ABOUT THIS EXERCISE:
The entries below are to be reproduced exactly, with their pictures omitted.

[Records from a data collection]
=-=-=-=-=

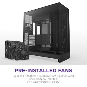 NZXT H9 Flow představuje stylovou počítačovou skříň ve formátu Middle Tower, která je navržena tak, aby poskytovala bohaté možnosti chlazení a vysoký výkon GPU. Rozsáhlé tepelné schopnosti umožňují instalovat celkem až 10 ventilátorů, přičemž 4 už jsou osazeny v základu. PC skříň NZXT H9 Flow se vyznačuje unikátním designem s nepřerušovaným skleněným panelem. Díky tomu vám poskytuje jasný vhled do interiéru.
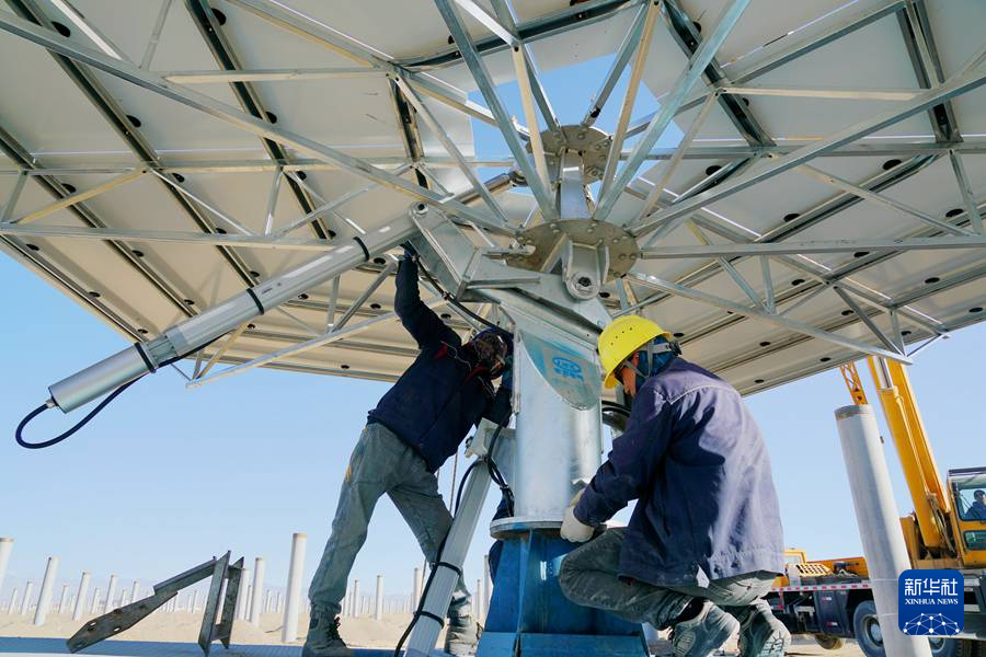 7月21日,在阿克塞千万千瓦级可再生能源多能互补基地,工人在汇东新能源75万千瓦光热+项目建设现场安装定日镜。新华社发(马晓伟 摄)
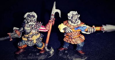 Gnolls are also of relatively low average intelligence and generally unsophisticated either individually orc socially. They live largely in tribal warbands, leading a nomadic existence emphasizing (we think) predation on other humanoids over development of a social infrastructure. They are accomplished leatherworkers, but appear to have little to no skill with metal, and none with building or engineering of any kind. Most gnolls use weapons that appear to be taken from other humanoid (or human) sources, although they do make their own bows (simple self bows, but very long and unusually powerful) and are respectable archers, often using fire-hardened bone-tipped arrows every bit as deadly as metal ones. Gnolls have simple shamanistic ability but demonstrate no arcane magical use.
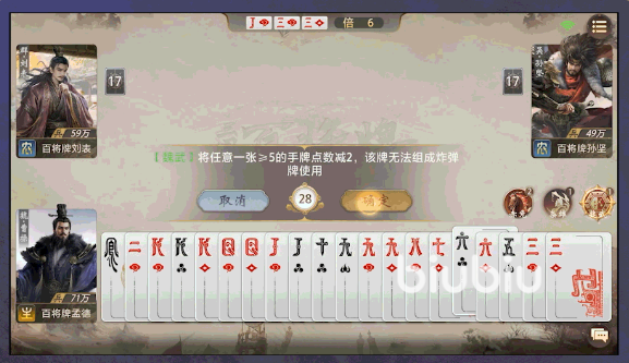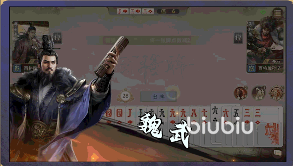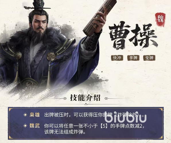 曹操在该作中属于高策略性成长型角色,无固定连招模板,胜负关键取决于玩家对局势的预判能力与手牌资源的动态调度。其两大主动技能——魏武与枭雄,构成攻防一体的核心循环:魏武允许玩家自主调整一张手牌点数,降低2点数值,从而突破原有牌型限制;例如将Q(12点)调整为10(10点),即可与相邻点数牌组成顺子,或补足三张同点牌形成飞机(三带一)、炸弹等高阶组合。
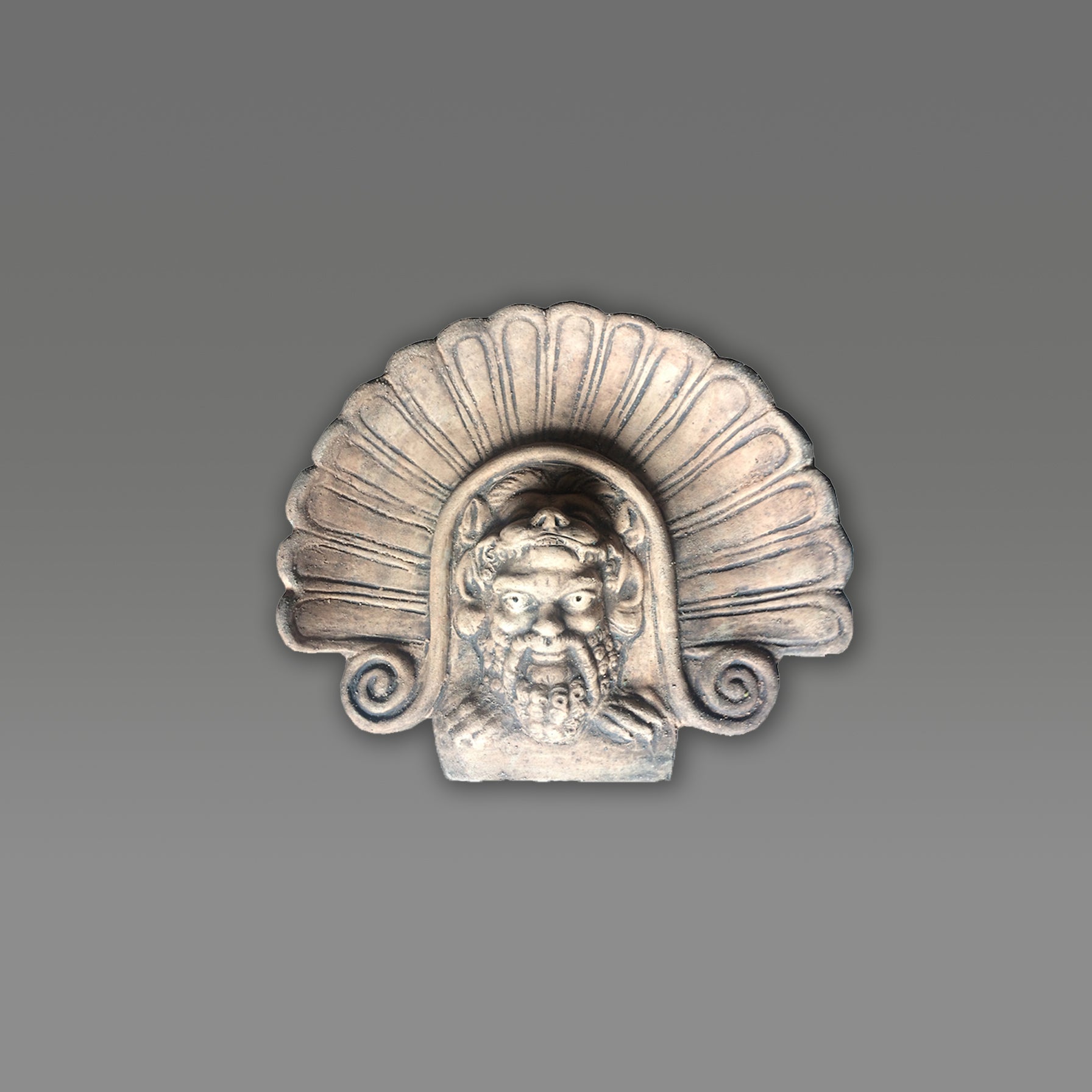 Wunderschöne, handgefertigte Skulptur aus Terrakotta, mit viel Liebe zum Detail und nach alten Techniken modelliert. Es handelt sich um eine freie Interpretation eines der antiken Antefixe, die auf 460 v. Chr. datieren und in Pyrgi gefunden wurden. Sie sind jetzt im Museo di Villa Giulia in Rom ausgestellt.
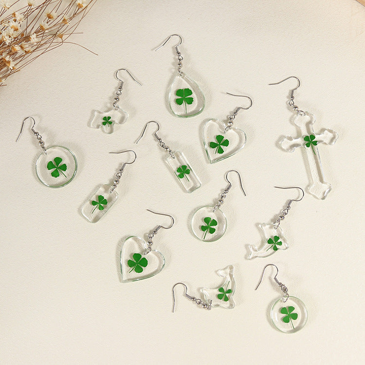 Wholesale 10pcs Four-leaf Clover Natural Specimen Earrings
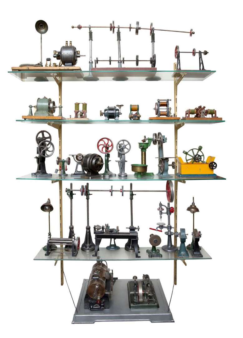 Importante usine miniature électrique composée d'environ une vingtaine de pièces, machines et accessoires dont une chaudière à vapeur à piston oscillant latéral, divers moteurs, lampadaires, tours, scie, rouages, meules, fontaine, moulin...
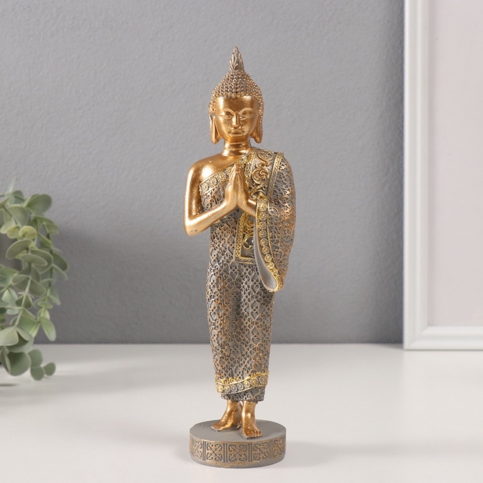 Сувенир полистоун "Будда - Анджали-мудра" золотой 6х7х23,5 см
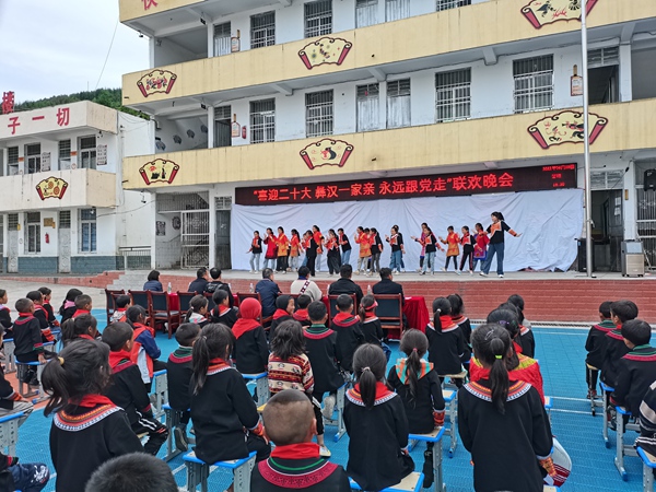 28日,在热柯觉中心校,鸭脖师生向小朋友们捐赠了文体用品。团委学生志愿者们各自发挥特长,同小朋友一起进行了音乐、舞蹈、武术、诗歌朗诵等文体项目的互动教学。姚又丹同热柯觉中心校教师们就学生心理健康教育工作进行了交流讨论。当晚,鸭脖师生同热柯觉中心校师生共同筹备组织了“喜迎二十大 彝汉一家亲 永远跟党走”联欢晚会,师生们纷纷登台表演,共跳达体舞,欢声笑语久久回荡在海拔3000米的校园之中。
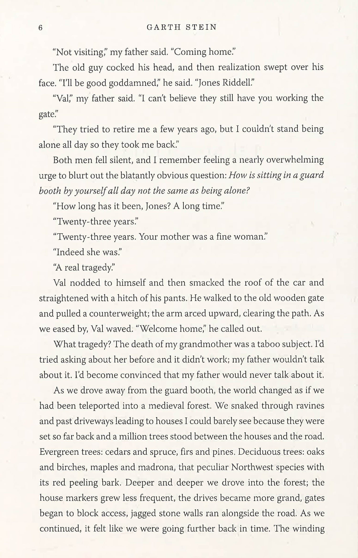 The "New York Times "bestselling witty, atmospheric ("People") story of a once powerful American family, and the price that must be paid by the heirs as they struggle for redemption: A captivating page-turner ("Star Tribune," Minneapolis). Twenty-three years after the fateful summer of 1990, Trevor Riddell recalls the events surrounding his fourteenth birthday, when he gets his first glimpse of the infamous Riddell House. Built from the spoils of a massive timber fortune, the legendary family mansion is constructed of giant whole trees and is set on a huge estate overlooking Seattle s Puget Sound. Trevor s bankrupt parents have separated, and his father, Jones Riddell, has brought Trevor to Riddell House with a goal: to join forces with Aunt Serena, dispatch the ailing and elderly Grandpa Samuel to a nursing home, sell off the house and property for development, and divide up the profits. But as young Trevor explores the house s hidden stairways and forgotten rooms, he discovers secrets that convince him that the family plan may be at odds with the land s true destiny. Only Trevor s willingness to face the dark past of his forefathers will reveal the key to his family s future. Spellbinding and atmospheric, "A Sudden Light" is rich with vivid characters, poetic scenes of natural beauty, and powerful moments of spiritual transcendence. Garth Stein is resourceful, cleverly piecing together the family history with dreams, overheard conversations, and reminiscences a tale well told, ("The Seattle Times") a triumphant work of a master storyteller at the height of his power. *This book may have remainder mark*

=-=-=-=-=

RESULT OF THE EXERCISE:
 NZXT H9 Flow představuje stylovou počítačovou skříň ve formátu Middle Tower, která je navržena tak, aby poskytovala bohaté možnosti chlazení a vysoký výkon GPU. Rozsáhlé tepelné schopnosti umožňují instalovat celkem až 10 ventilátorů, přičemž 4 už jsou osazeny v základu. PC skříň NZXT H9 Flow se vyznačuje unikátním designem s nepřerušovaným skleněným panelem. Díky tomu vám poskytuje jasný vhled do interiéru.
 7月21日,在阿克塞千万千瓦级可再生能源多能互补基地,工人在汇东新能源75万千瓦光热+项目建设现场安装定日镜。新华社发(马晓伟 摄)
 Gnolls are also of relatively low average intelligence and generally unsophisticated either individually orc socially. They live largely in tribal warbands, leading a nomadic existence emphasizing (we think) predation on other humanoids over development of a social infrastructure. They are accomplished leatherworkers, but appear to have little to no skill with metal, and none with building or engineering of any kind. Most gnolls use weapons that appear to be taken from other humanoid (or human) sources, although they do make their own bows (simple self bows, but very long and unusually powerful) and are respectable archers, often using fire-hardened bone-tipped arrows every bit as deadly as metal ones. Gnolls have simple shamanistic ability but demonstrate no arcane magical use.
 曹操在该作中属于高策略性成长型角色,无固定连招模板,胜负关键取决于玩家对局势的预判能力与手牌资源的动态调度。其两大主动技能——魏武与枭雄,构成攻防一体的核心循环:魏武允许玩家自主调整一张手牌点数,降低2点数值,从而突破原有牌型限制;例如将Q(12点)调整为10(10点),即可与相邻点数牌组成顺子,或补足三张同点牌形成飞机(三带一)、炸弹等高阶组合。
 Wunderschöne, handgefertigte Skulptur aus Terrakotta, mit viel Liebe zum Detail und nach alten Techniken modelliert. Es handelt sich um eine freie Interpretation eines der antiken Antefixe, die auf 460 v. Chr. datieren und in Pyrgi gefunden wurden. Sie sind jetzt im Museo di Villa Giulia in Rom ausgestellt.
 Wholesale 10pcs Four-leaf Clover Natural Specimen Earrings
 Importante usine miniature électrique composée d'environ une vingtaine de pièces, machines et accessoires dont une chaudière à vapeur à piston oscillant latéral, divers moteurs, lampadaires, tours, scie, rouages, meules, fontaine, moulin...
 Сувенир полистоун "Будда - Анджали-мудра" золотой 6х7х23,5 см
 28日,在热柯觉中心校,鸭脖师生向小朋友们捐赠了文体用品。团委学生志愿者们各自发挥特长,同小朋友一起进行了音乐、舞蹈、武术、诗歌朗诵等文体项目的互动教学。姚又丹同热柯觉中心校教师们就学生心理健康教育工作进行了交流讨论。当晚,鸭脖师生同热柯觉中心校师生共同筹备组织了“喜迎二十大 彝汉一家亲 永远跟党走”联欢晚会,师生们纷纷登台表演,共跳达体舞,欢声笑语久久回荡在海拔3000米的校园之中。
 The "New York Times "bestselling witty, atmospheric ("People") story of a once powerful American family, and the price that must be paid by the heirs as they struggle for redemption: A captivating page-turner ("Star Tribune," Minneapolis). Twenty-three years after the fateful summer of 1990, Trevor Riddell recalls the events surrounding his fourteenth birthday, when he gets his first glimpse of the infamous Riddell House. Built from the spoils of a massive timber fortune, the legendary family mansion is constructed of giant whole trees and is set on a huge estate overlooking Seattle s Puget Sound. Trevor s bankrupt parents have separated, and his father, Jones Riddell, has brought Trevor to Riddell House with a goal: to join forces with Aunt Serena, dispatch the ailing and elderly Grandpa Samuel to a nursing home, sell off the house and property for development, and divide up the profits. But as young Trevor explores the house s hidden stairways and forgotten rooms, he discovers secrets that convince him that the family plan may be at odds with the land s true destiny. Only Trevor s willingness to face the dark past of his forefathers will reveal the key to his family s future. Spellbinding and atmospheric, "A Sudden Light" is rich with vivid characters, poetic scenes of natural beauty, and powerful moments of spiritual transcendence. Garth Stein is resourceful, cleverly piecing together the family history with dreams, overheard conversations, and reminiscences a tale well told, ("The Seattle Times") a triumphant work of a master storyteller at the height of his power. *This book may have remainder mark*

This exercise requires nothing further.